Exercise objective
In the listing below, the lines from the first through the one with "ゴールドステンレス、サンドブラスト仕上げ" are to be copied word for word.

Recorded data
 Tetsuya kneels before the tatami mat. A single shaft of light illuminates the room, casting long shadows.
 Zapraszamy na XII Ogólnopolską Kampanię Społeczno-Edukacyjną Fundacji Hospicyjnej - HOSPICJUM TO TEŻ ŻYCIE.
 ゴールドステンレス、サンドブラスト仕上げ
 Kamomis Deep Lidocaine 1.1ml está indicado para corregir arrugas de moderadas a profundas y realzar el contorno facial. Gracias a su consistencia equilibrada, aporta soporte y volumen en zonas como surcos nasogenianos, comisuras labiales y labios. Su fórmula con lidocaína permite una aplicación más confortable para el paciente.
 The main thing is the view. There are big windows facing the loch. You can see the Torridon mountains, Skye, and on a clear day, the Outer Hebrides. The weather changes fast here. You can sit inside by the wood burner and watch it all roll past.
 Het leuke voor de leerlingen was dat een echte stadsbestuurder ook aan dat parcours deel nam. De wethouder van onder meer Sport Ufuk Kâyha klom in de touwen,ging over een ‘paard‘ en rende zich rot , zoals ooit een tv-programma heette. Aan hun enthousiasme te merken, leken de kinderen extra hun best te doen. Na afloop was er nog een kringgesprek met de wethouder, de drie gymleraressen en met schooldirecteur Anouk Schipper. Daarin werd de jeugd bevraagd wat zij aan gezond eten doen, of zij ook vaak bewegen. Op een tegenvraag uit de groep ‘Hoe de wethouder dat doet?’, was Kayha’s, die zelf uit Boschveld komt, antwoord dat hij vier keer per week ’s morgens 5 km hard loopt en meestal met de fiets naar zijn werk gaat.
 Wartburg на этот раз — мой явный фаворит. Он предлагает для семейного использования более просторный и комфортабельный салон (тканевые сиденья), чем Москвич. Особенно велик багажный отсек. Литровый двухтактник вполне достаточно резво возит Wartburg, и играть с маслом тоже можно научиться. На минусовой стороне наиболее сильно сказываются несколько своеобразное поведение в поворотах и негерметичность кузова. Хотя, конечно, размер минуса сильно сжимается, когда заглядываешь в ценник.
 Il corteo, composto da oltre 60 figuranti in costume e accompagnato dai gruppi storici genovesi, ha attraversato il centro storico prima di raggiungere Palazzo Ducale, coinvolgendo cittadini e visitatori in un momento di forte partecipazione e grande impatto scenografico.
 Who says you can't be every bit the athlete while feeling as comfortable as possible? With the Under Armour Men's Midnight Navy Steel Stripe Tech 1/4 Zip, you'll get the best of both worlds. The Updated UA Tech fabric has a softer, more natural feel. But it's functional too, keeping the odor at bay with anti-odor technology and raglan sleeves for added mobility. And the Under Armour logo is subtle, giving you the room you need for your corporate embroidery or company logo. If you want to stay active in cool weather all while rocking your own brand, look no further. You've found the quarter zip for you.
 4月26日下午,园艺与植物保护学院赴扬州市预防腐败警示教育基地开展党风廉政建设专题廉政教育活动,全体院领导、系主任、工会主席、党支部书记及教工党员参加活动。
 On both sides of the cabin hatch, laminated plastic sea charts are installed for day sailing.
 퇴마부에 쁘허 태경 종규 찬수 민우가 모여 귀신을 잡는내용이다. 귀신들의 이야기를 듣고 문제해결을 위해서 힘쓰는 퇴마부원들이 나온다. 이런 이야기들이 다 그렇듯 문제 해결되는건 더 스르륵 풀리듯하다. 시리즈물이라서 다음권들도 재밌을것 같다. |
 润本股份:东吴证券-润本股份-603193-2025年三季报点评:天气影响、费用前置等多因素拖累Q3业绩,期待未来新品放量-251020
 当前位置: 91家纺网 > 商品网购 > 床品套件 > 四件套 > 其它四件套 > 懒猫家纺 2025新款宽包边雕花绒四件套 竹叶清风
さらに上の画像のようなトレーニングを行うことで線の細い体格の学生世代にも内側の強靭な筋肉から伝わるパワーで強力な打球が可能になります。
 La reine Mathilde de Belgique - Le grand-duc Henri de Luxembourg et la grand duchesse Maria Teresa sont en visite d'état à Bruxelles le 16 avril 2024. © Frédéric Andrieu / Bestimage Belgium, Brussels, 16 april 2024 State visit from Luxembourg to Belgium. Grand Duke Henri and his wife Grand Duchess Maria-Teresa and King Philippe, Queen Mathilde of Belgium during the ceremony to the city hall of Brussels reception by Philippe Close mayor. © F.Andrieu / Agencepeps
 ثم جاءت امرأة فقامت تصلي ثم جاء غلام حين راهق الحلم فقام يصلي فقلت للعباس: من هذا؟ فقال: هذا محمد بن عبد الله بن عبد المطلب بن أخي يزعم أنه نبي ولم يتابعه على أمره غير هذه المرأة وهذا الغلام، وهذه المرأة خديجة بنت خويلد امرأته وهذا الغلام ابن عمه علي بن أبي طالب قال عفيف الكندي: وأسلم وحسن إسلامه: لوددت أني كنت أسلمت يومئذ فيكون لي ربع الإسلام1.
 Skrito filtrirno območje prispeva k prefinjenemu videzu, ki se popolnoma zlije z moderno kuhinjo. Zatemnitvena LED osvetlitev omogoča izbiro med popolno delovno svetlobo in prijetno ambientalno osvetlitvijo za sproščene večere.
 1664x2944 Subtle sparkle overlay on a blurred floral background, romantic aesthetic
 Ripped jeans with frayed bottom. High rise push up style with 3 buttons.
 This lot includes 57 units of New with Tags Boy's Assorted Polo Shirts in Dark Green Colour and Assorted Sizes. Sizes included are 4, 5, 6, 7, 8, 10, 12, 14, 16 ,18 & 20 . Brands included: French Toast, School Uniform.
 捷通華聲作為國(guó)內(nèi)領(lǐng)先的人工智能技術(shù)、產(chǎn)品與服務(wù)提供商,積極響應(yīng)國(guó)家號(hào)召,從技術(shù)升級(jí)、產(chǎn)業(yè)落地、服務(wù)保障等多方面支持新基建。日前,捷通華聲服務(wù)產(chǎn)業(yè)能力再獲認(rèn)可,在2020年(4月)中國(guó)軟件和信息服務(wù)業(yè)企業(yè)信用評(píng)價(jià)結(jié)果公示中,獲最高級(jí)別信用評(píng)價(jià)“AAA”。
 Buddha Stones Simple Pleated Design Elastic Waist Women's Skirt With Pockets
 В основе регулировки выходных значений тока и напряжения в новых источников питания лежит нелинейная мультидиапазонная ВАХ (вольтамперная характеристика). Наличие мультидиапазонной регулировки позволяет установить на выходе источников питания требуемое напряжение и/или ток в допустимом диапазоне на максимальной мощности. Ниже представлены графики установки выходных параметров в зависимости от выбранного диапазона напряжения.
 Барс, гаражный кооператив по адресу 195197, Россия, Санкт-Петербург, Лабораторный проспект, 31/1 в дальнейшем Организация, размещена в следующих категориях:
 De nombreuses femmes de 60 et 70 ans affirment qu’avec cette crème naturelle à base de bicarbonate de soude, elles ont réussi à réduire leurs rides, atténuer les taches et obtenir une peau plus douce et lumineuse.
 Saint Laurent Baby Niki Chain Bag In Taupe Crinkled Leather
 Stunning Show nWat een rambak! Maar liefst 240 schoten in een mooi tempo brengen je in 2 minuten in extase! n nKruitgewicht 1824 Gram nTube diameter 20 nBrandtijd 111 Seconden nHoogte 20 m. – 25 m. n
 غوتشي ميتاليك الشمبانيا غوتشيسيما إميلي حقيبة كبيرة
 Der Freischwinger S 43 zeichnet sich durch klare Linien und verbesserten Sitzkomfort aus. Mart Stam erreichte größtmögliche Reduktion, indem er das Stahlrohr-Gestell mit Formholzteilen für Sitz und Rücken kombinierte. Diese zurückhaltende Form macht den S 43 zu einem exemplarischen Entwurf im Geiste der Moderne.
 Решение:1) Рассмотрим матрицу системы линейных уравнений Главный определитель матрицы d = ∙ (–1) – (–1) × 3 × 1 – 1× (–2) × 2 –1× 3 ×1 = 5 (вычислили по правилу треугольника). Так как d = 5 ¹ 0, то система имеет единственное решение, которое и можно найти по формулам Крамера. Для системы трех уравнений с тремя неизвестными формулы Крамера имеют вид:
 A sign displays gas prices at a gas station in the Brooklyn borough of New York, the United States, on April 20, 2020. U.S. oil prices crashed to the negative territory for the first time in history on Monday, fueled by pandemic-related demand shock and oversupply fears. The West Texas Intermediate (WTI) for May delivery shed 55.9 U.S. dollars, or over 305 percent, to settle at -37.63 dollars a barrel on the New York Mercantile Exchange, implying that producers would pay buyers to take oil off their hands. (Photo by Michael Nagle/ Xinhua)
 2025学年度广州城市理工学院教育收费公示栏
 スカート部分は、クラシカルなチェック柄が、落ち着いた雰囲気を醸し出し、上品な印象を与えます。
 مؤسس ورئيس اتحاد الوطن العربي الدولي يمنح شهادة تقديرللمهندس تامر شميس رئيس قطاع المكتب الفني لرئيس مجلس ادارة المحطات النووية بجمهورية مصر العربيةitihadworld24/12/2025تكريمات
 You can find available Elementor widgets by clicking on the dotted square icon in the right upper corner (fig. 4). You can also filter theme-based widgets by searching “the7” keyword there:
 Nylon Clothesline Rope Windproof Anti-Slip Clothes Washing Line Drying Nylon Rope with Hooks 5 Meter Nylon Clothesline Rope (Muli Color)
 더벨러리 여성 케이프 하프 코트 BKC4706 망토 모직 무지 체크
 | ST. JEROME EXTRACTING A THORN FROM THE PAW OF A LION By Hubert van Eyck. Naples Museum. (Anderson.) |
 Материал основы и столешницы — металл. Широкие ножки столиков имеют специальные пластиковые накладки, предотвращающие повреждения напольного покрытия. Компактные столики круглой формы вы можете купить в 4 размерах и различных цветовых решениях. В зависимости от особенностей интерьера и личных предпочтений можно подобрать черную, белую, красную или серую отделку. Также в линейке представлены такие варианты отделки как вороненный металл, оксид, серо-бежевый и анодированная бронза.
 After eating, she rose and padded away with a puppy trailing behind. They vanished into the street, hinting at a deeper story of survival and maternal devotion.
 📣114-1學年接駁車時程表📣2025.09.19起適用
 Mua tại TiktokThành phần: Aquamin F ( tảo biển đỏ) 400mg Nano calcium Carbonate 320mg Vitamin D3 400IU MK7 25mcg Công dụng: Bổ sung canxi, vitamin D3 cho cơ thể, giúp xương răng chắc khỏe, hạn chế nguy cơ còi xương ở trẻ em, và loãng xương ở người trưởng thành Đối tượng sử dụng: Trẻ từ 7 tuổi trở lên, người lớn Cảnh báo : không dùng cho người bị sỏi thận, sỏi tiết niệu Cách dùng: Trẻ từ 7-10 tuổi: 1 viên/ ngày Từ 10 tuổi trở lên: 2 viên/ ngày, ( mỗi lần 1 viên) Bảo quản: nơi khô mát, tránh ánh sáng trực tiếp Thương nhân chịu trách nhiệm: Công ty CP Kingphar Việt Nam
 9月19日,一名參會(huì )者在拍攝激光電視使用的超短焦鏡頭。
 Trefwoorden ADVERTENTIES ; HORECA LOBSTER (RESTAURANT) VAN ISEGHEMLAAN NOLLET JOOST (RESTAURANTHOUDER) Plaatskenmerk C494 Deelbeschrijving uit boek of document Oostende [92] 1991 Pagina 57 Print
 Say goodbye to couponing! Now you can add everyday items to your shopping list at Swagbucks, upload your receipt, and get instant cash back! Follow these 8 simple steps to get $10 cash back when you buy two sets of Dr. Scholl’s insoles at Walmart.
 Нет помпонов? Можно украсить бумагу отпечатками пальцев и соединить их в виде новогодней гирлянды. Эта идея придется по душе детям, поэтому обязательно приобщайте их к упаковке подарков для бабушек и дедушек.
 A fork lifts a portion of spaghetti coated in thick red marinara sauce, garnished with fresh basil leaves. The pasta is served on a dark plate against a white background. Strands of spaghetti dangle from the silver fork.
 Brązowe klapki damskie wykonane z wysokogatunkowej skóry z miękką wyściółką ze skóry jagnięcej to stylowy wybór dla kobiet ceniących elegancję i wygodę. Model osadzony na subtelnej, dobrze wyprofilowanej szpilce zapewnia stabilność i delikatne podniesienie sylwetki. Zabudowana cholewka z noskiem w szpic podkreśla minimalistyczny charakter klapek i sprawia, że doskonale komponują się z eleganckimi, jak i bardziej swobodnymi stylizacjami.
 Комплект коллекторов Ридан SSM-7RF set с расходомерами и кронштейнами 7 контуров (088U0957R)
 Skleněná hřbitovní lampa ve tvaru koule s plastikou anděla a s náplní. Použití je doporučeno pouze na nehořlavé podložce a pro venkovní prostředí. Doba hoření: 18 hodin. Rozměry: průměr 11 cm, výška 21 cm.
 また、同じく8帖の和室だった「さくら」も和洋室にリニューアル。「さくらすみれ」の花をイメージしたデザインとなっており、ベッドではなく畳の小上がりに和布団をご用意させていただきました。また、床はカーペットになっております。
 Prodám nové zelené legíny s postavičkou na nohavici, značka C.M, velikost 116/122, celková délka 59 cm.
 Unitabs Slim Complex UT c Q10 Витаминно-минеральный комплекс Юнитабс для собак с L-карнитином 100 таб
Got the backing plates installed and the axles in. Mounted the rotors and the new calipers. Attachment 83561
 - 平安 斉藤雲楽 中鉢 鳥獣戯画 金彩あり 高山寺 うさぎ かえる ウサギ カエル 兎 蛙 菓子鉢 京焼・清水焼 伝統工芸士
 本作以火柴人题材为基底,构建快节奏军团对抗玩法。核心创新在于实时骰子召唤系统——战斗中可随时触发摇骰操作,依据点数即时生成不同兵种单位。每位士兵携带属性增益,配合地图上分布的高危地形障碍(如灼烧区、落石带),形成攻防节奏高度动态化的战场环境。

Exercise result
 Tetsuya kneels before the tatami mat. A single shaft of light illuminates the room, casting long shadows.
 Zapraszamy na XII Ogólnopolską Kampanię Społeczno-Edukacyjną Fundacji Hospicyjnej - HOSPICJUM TO TEŻ ŻYCIE.
 ゴールドステンレス、サンドブラスト仕上げ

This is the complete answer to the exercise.